Task instructions
Please print the full listing below exactly, but not the pictures in it.

Supplied data
== Segment start ==

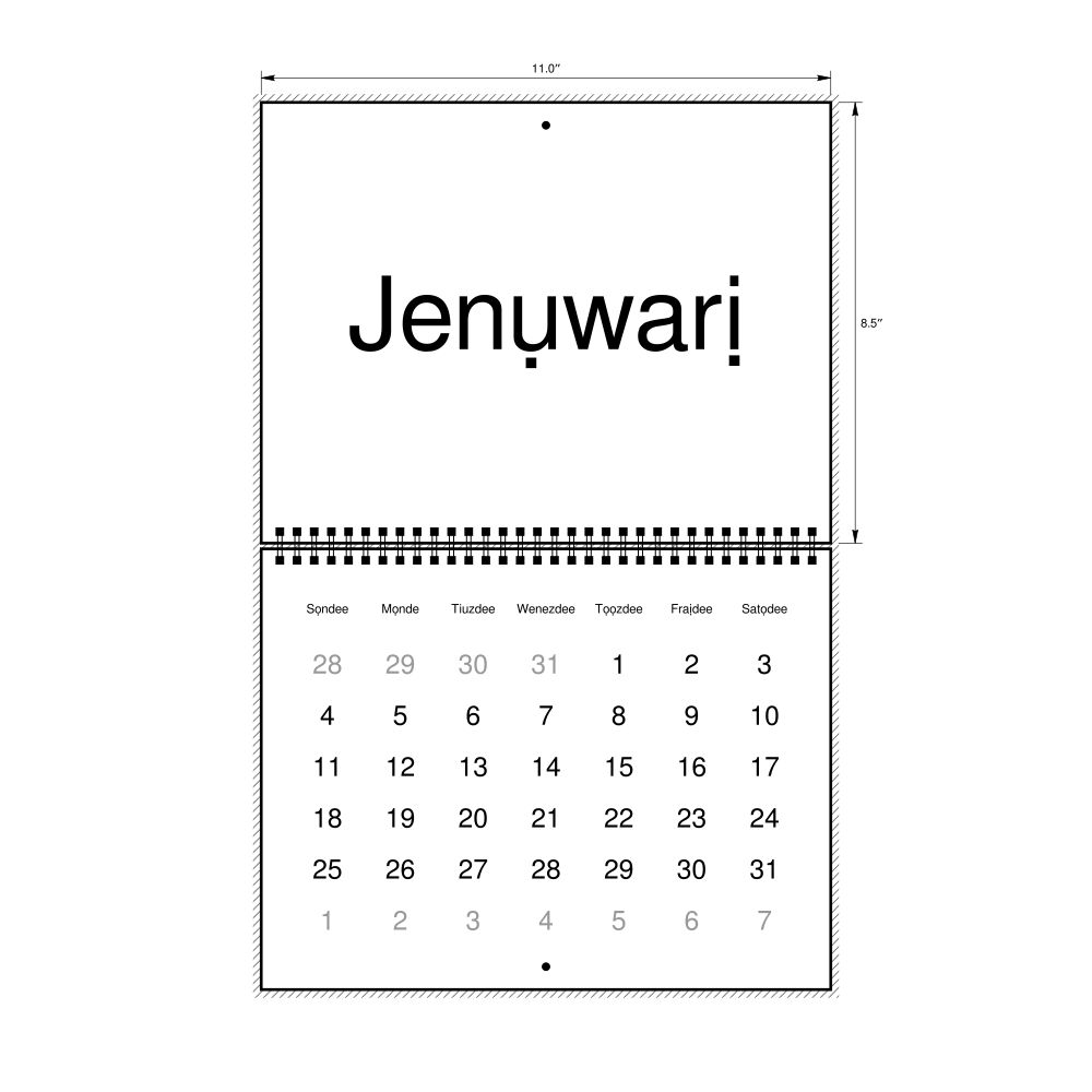 - Linguistics enthusiasts and polyglots - For "language geeks" interested in comparative linguistics or the mechanics of different languages and who value the aesthetic differences in scripts, orthography, and typography of different languages, the Igbo calendar serves as an object of intellectual interest. You can collect calendars for various languages to compare their linguistic roots (e.g., comparing Romance languages vs. Slavic languages). Leskoff's calendars are characterized by specific typographic choices that highlight the orthography and script unique to the target language. Think correct usage of diacritics, characters, and directional writing (left-to-right vs. right-to-left). The minimalist design focuses on legibility and aesthetic appeal of the script itself.
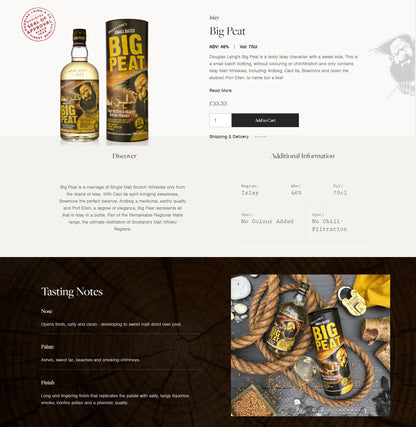 Douglas Laing's Big Peat is a feisty Islay character with a sweet side. This is a small batch bottling, without colouring or chill-filtration and only contains Islay Malt Whiskies, including Ardbeg, Caol Ila, Bowmore and (even the elusive) Port Ellen, to name but a few!
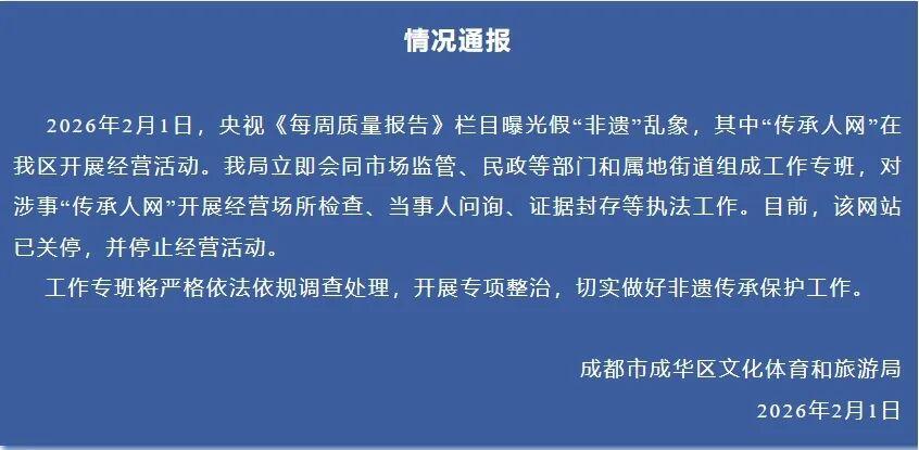 2月1日晚,成都市成华区文化体育和旅游局发布情况通报称,2月1日,央视《每周质量报告》栏目曝光假“非遗”乱象,其中“传承人网”在成华区开展经营活动。该局立即会同市场监管、民政等部门和属地街道组成工作专班,对涉事“传承人网”开展经营场所检查、当事人问询、证据封存等执法工作。目前,该网站已关停,并停止经营活动。工作专班将严格依法依规调查处理,开展专项整治,切实做好非遗传承保护工作。
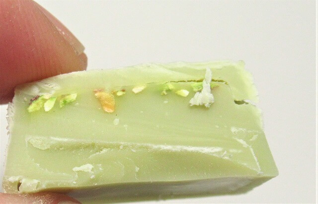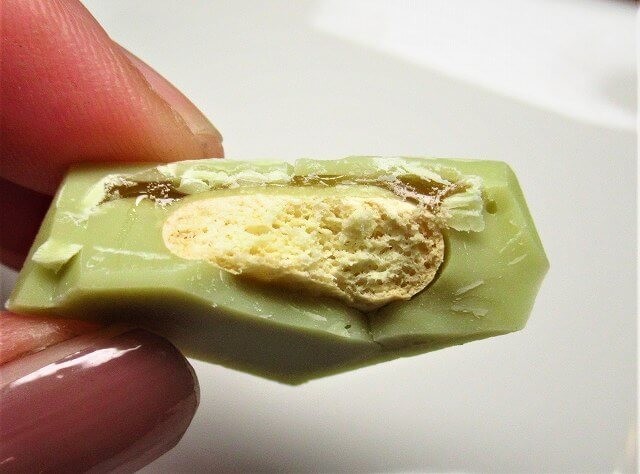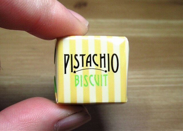 外側のチョコは甘すぎず、ピスタチオの風味もしっかりと感じます。ビスケットが入っているので、お子さんも好きな味ではないでしょうか。

== Segment end ==

Written response
 - Linguistics enthusiasts and polyglots - For "language geeks" interested in comparative linguistics or the mechanics of different languages and who value the aesthetic differences in scripts, orthography, and typography of different languages, the Igbo calendar serves as an object of intellectual interest. You can collect calendars for various languages to compare their linguistic roots (e.g., comparing Romance languages vs. Slavic languages). Leskoff's calendars are characterized by specific typographic choices that highlight the orthography and script unique to the target language. Think correct usage of diacritics, characters, and directional writing (left-to-right vs. right-to-left). The minimalist design focuses on legibility and aesthetic appeal of the script itself.
 Douglas Laing's Big Peat is a feisty Islay character with a sweet side. This is a small batch bottling, without colouring or chill-filtration and only contains Islay Malt Whiskies, including Ardbeg, Caol Ila, Bowmore and (even the elusive) Port Ellen, to name but a few!
 2月1日晚,成都市成华区文化体育和旅游局发布情况通报称,2月1日,央视《每周质量报告》栏目曝光假“非遗”乱象,其中“传承人网”在成华区开展经营活动。该局立即会同市场监管、民政等部门和属地街道组成工作专班,对涉事“传承人网”开展经营场所检查、当事人问询、证据封存等执法工作。目前,该网站已关停,并停止经营活动。工作专班将严格依法依规调查处理,开展专项整治,切实做好非遗传承保护工作。
 外側のチョコは甘すぎず、ピスタチオの風味もしっかりと感じます。ビスケットが入っているので、お子さんも好きな味ではないでしょうか。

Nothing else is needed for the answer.